The Secretary of State for the Home Department (herein after referred to as the SSHD) appealed against the decision of Immigration Judge Neuberger in his decision promulgated 15th December 2010 allowing the respondents appeal. The SSHD had, by way of a decision dated 22nd September 2010, refused the respondent a residence card as confirmation of a permanent right to reside in the UK under Regulation 15(1) of the Immigration (European Economic Area) Regulations 2006 (herein after referred to as the EEA regulations).
The issue raised in this appeal was whether time spent in prison by the respondent SO could be calculated towards the 5 years continuous residence requirement (under Regulation 15 (1) (f))

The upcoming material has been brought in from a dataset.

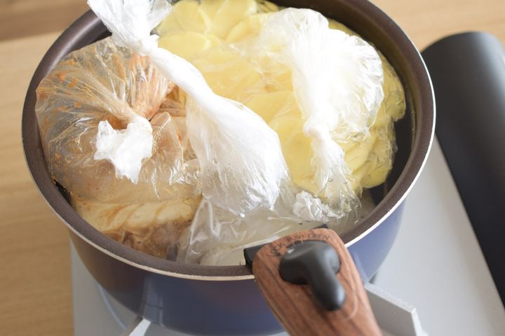 耐熱皿を入れた鍋にお湯1Lを沸かし、沸騰後にポリ袋を入れます。料理によって加熱時間は違うので、終わった順にお湯から引きあげ、火を止めたのは点火からおよそ30分後でした。
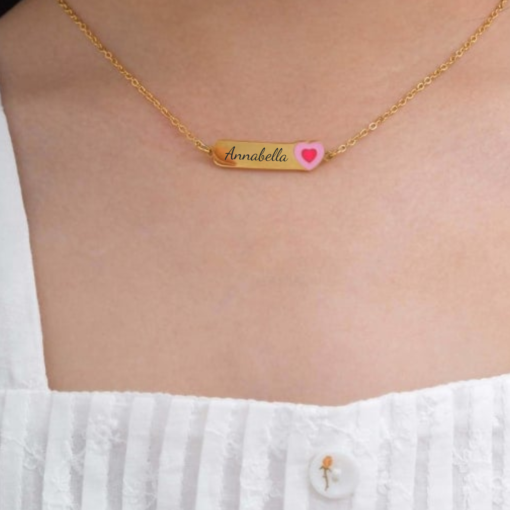 Children's Personalized Heart Name Necklace, Gold Stainless Steel, 3-12 Years (Manufacture Time: 1-2 Days)

Permanent Right of Residence - Regulation 15
Regulation 15 provides that persons can acquire the right to permanently reside in the UK if they have resided in the UK in accordance with the EEA regulations for a continuous period of 5 years. The respondent is a Nigerian national married to a Dutch national in September 2002. He was granted permission to remain in the UK as a family member of an EEA national. His marriage lasted for over 7 years however, the couple divorced in January 2010.
In April 2006, the respondent was convicted of using a false instrument and was sentenced to 20 months imprisonment. The respondent was released from prison in January 2007. In March 2010, the respondent submitted an application for a residence card as confirmation of his right to reside in the UK. He sought a retained right of residence on the basis of having completed 5 years residence. The SSHD rejected his application and relied on the case of HR (Portugal) v SSHD [2009] EWCA Civ 371. In that case, the Court of Appeal ruled that the EEA national, convicted of a crime and who had spent a ‘significant period’ of time in prison, would be deemed not to be resident in the UK for the purposes of Regulation 21(4)(a).
The respondents representatives argued that he had only spent 4 months in prison and that this could not be considered to be a significant period of time and that the respondents continuity of residence had not therefore, been broken.
The SSHD on the other hand, argued that, imprisonment, no matter how long, broke the period necessary to qualify for permanent residence.
The Tribunal considered the recent case of Caesar Carvalho v SSHD and the SSHD v Omar Abdullah Omar [2010] EWCA Civ 1406 which also considered time spent in prison and calculation towards the qualifying period. It was held that the EEA worker was not legally resident during the period spent in prison and that imprisonment cannot count towards continuous legal residence required to acquire the right of permanent residence.
The Tribunal held that Immigration Judge Neuberger’s approach in considering whether the length of imprisonment was substantial or not was incorrect. In effect, the length of imprisonment did not matter as continuity would be deemed broken with the consequence that the five year continuous period starts afresh.
As a result, the SSHD’s appeal was allowed and the Immigration Judge’s decision was reversed.